▶ **Task description**: Leave the pictures out and reproduce, exactly, the lines from the one with "SIG-Sturmgewehr SG 543" through the end of the entries below.

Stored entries

= = = = = = =

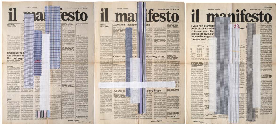
"Numero di prova 1" di Luca Blumer

Le opere, dopo Artefiera, entreranno ufficialmente nella grande collezione do ut do , per poi essere assegnate a collezionisti o musei a fronte di un contributo di sostegno all'Associazione Amici della Fondazione Hospice MT. Chiantore Seràgnoli. L'intero ricavato verrà devoluto alla Fondazione Hospice . Come nelle passate edizioni, infatti, anche per il 2024 do ut do riunirà i generosi contributi di artisti, gallerie e collezionisti per sostenere concretamente la missione della Fondazione Hospice MT. Chiantore Seràgnoli dedicata all'assistenza e cura di pazienti affetti da malattie inguaribili e delle loro famiglie e alle attività di formazione e ricerca in medicina palliativa all'interno del Campus Bentivoglio.
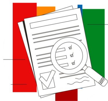
Hipoteczne listy zastawne

Ich zabezpieczeniem jest portfel kredytów hipotecznych. Warunki emisji określają częstotliwość i wysokość wypłaty odsetek, a także datę zwrotu kapitału
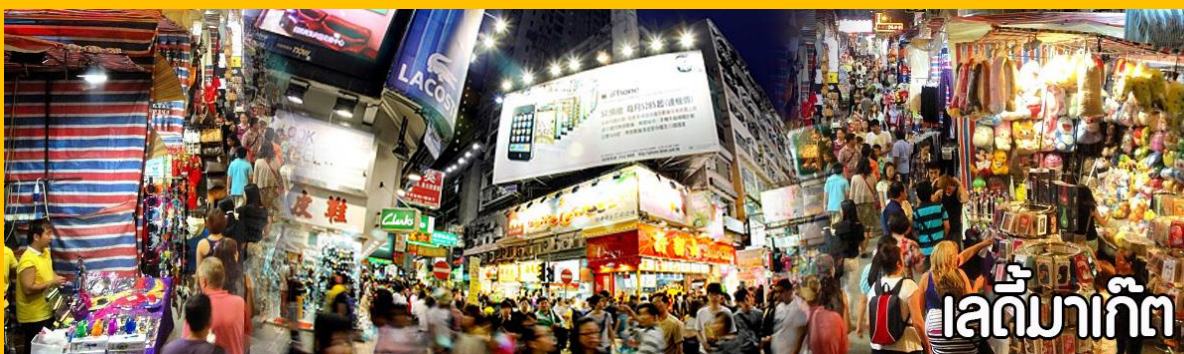
เลดี้มาร์เก็ต

จากนั้นอิสระให้ท่านช้อปปิ้ง ตลาดเลดี้ มาร์เก็ต (Ladies Market) เป็นตลาดบนถนนคนเดินสไตล์ Night Market แบบบ้านเรา ไม่ได้มีขายเฉพาะแต่ของผู้หญิงแต่มีของชายทุกสิ่งอย่าง เหมือนพวกตลาด Night ของบ้านเรา โดยจะปิดถนน Tong Choi Street ตั้งแต่แยกที่ตัดกับถนน Argyle Street ยาวตลอดถนน Tong Choi Street ไปจนถึงถนน Dundas Street ยาวประมาณ 500 เมตร สินค้าที่ขายกันจะมีอยู่หลากหลายแบบเช่นพวกตุ๊กตาตุ่นต่าง ๆ จากดิสนีย์, Marvel และจากญี่ปุ่น ประเภทสินค้า เสื้อผ้า นาฬิกากระเป๋า ตุ๊กตา ของฝาก ของที่ระลึก ต่าง ๆ ใครต้องการจะซื้อของที่ระลึกหรือของฝากต่าง ๆ ของฮ่องกงก็สามารถมาเดินเลือกซื้อกันได้ที่นี่
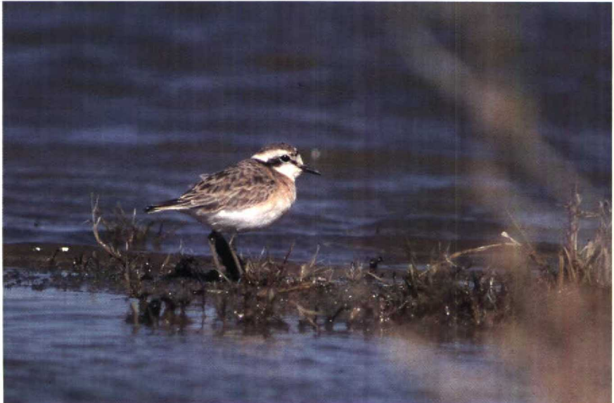
27 Kittlitz's Plover Charadrius pecuarius , Merzouga, Morocco, January 1990 (Arnold Meijer)
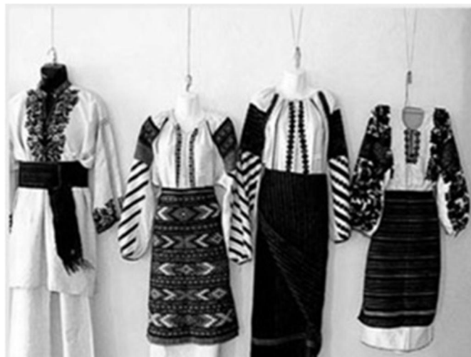
Рис. 2.5. Борщівська «чорна» сорочка [5].
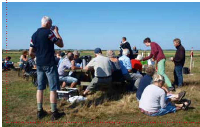
Kaffe og gudstjeneste på Ålebjerget.
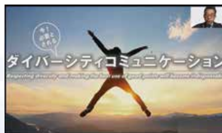
「ダイバーシティ」講演会（3月）
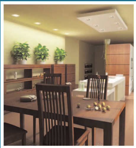
Lightolier – Lytecaster Xceed

Les luminaires homologués ENERGY STAR utilisent 75 % moins d'énergie que l'éclairage traditionnel et ont une durée de vie jusqu'à 10 fois plus longue. En remplaçant les cinq luminaires les plus utilisés de votre foyer par des modèles homologués ENERGY STAR, vous pourriez économiser 70 $ chaque année en coûts d'énergie.
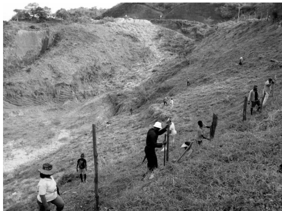
Fotografía 3. Jornada de limpieza comunitaria del terreno destinado al Centro de Innovación Sociocultural y de Medicina Ancestral de la vereda Yolombó.

geológicos y geomorfológicos y su diseño arquitectónico (ver fotografía 3).
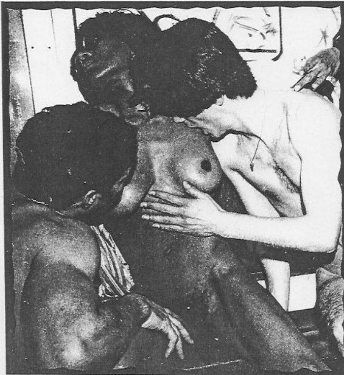
Drömmen om frihet? Ett bildreportage om sex i tunnelbanan ur herrtidningen Stopp. Sexuell frihet har länge åberopats som ett medel mot dåliga samlevnadsförhållanden. Vad den slutliga frigörelsen innebär har ingen klargjort.

Pornografins "demokrativering" tycks ha bestått i att porren blivit allt grövre, råare och mer våldsbetonad. Dess våldskanaliserande funktion har gjorts tydligare. Gamla republikanska konstteorier har spelat större roll än vi tror för vår egen tids sexualpolitik. I slutet av 50-talet gav H-son ut Justine, den bok som åsamkade de Sade, som dödat två kvinnor med sina sadistiska experiment, ett långvarigt fängelsestraff. H-son berömdes på DN:s kultursida. Sedan blev "allt tillåtet" i början på 70-talet när de ekonomiska konjunkturen började bli sämre. Den kulturella sadismens ideologi sprids nu i massupplagor. Videokassetternas våldspornografi håller på att erövra hemmen. Undersökningar har visat att pornografisk film ofta-
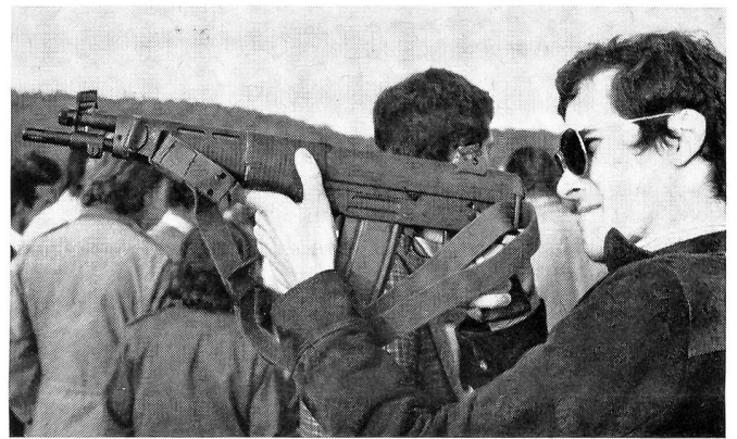
SIG-Sturmgewehr SG 543 in Kurzausführung mit Umlegekolben und 20-Schuss-Magazin. Zur gleichen Familie gehören das SIG-Sturmgewehr SG 540 mit festem Kolben und 30-Schuss-Magazin sowie das SIG-Sturmgewehr SG 540 mit Umlegekolben und 20-Schuss-Magazin.
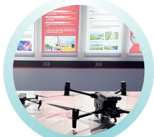
成都东服务区内的低空经济服务中心。
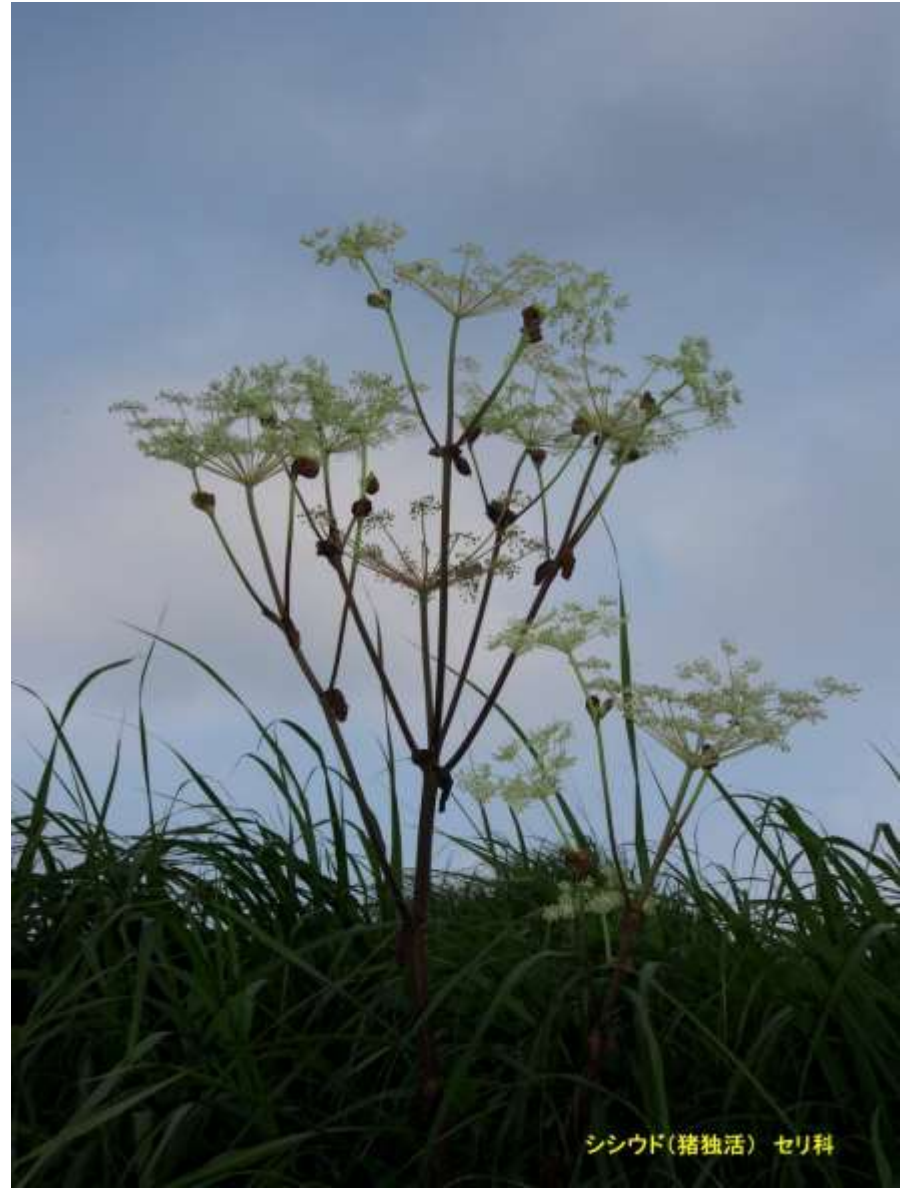
シシウド(猪独活) セリ科
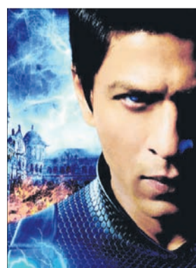
СЛУЧАЙНЫЙ ДОСТУП Фантастика (12+)
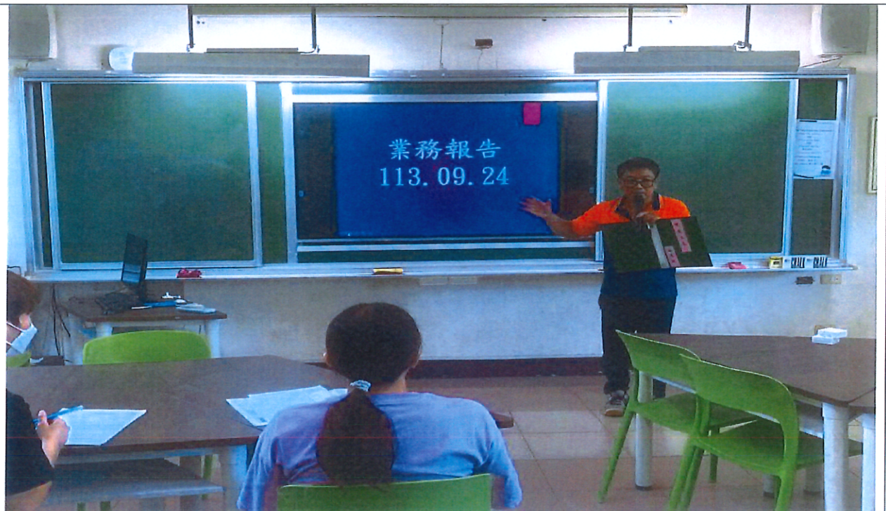
照片說明：期初特推會~承辦人業務報告

= = = = = = =

▶ **Expected answer**:
SIG-Sturmgewehr SG 543 in Kurzausführung mit Umlegekolben und 20-Schuss-Magazin. Zur gleichen Familie gehören das SIG-Sturmgewehr SG 540 mit festem Kolben und 30-Schuss-Magazin sowie das SIG-Sturmgewehr SG 540 mit Umlegekolben und 20-Schuss-Magazin.
成都东服务区内的低空经济服务中心。
シシウド(猪独活) セリ科
СЛУЧАЙНЫЙ ДОСТУП Фантастика (12+)
照片說明：期初特推會~承辦人業務報告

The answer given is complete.